Abstract

The presence of an extraneous sound in the first formant (F1) region of a voiced vowel has been shown to influence its perceived phonetic quality when the vowel and the extraneous sound begin and end in synchrony. These experiments examine whether this effect, produced here by a pair of extraneous tones not harmonically related to the vowel’s fundamental frequency, depends on the degree of synchrony of the vowel and the tones. The phonetic effects of the tones were measured as a change in the position of the phoneme boundary on a continuum of vowels, perceived as changing from /ɪ/ to /ɛ/ as F1 was increased. Experiment 1 demonstrated that the boundary shift resulting from the addition of the tones declined when the tones began prior to the vowel. This effect might be due to adaptation or to perceptual grouping. In experiment 2, a sequence of “captor” tones was used in an attempt to reinstate the phonetic effects of these tones, by “grouping out” the portions that were not simultaneous with the vowel. This did not provide any evidence for perceptual grouping.

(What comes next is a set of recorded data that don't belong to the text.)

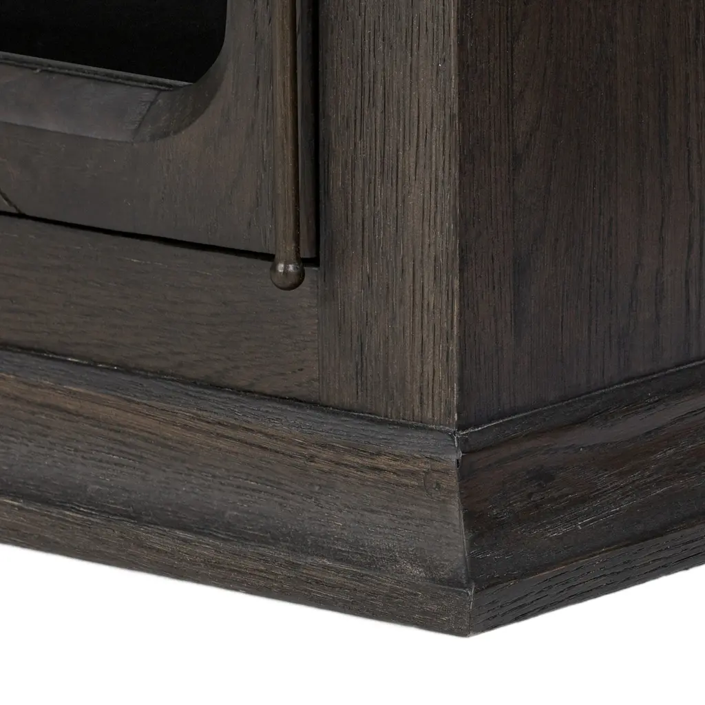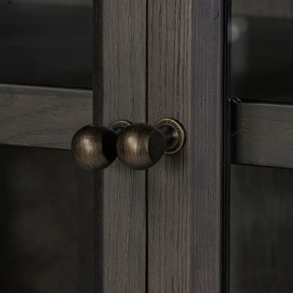 Introduce the timeless charm of a vintage find into your home with the Viremont Cabinet. This exquisite piece features cabinetry with softened mullions and rounded glass panels, complemented by aged bronze barrel hinges and finial detailing. Designed to offer generous storage and display options, the Viremont Cabinet empowers you to create a space that truly tells your story.
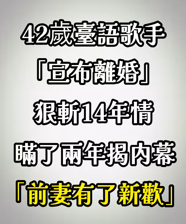 近日演藝圈再傳出震撼彈,一位知名台語歌王驚傳婚變,與結縭14年的妻子協議離婚,更意外的是這段婚變消息竟然隱瞞了長達2年之久,直到後來才對外界公開,令人唏噓。
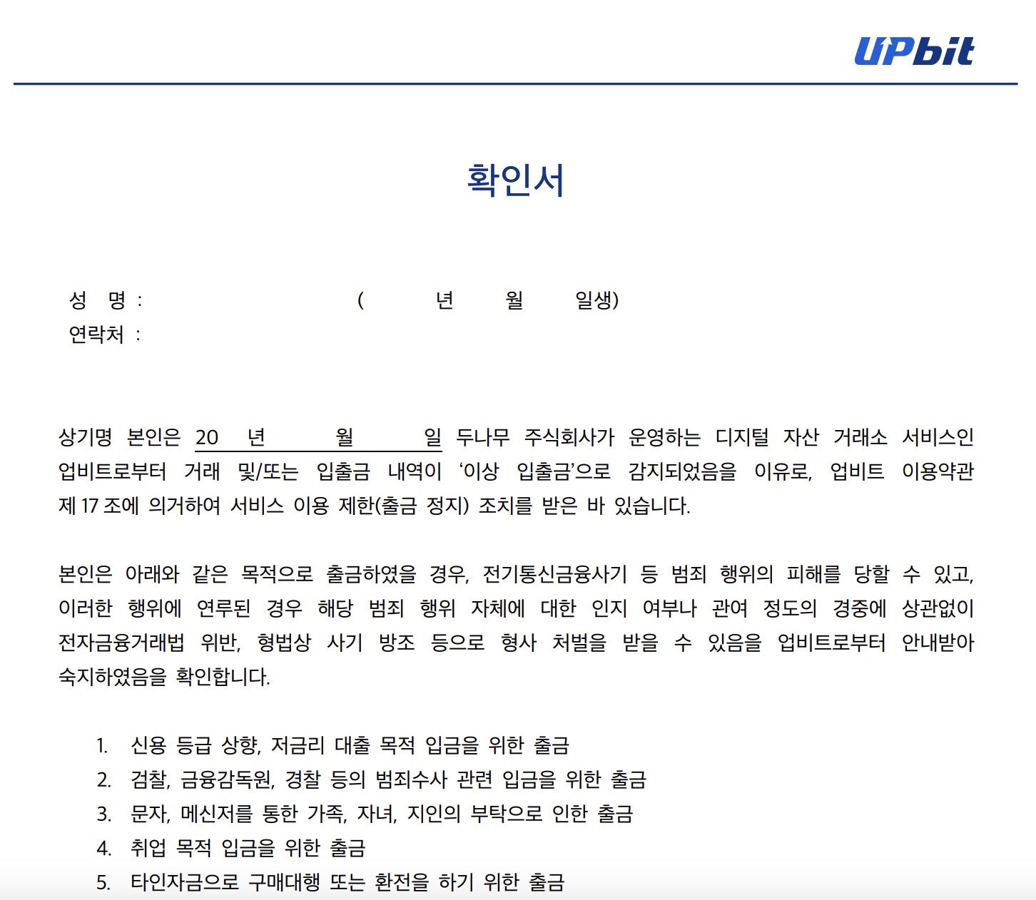 업비트 확인서 서약서 다운로드 링크는 아래와 같습니다.
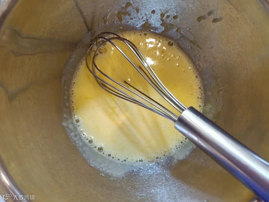 第四步:将容器内的蛋黄用搅拌器打散,搅拌至盆内液体呈现出流质状态。
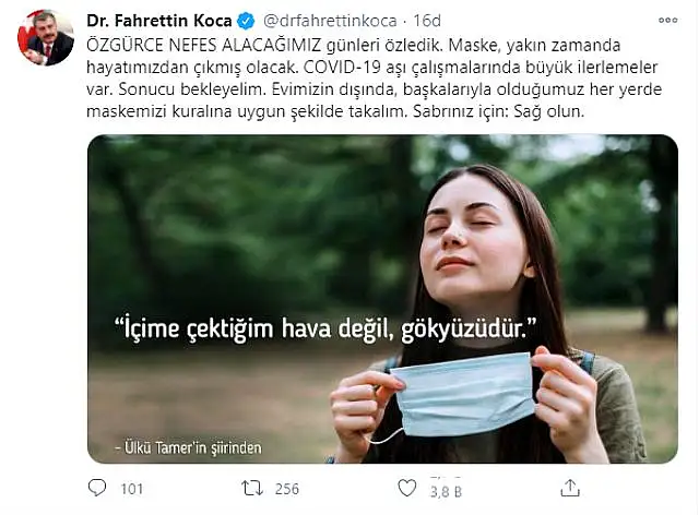 Sosyal medya hesabından paylaşımda bulunan Koca, "Özgürce nefes alacağımız günleri özledik. Maske, yakın zamanda hayatımızdan çıkmış olacak." ifadelerini kullandı.
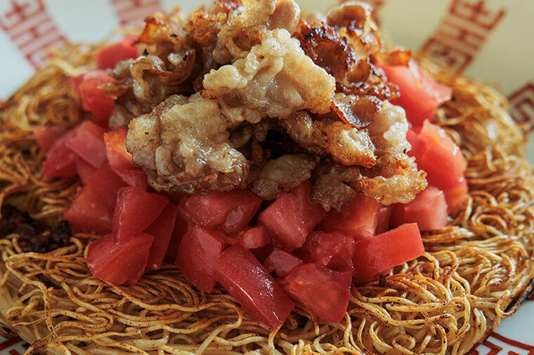醤油味の肉味噌、ザーサイ、薬味をのせた、みんなの好きなカリカリ焼きそば。パンチを出したいときは豆板醤...

Experiment 3 demonstrated that offset asynchronies could also reduce the phonetic effects of the extraneous tones, although not to the same extent as could onset asynchronies. This indicated that perceptual grouping mechanisms were at least partly responsible for the effects of asynchronies. The boundary shift induced by the extraneous tones was significant even for the longest onset and offset asynchronies used, indicating that the phonetic effects of these tones are not limited to cases where vowels and tones are precisely synchronized.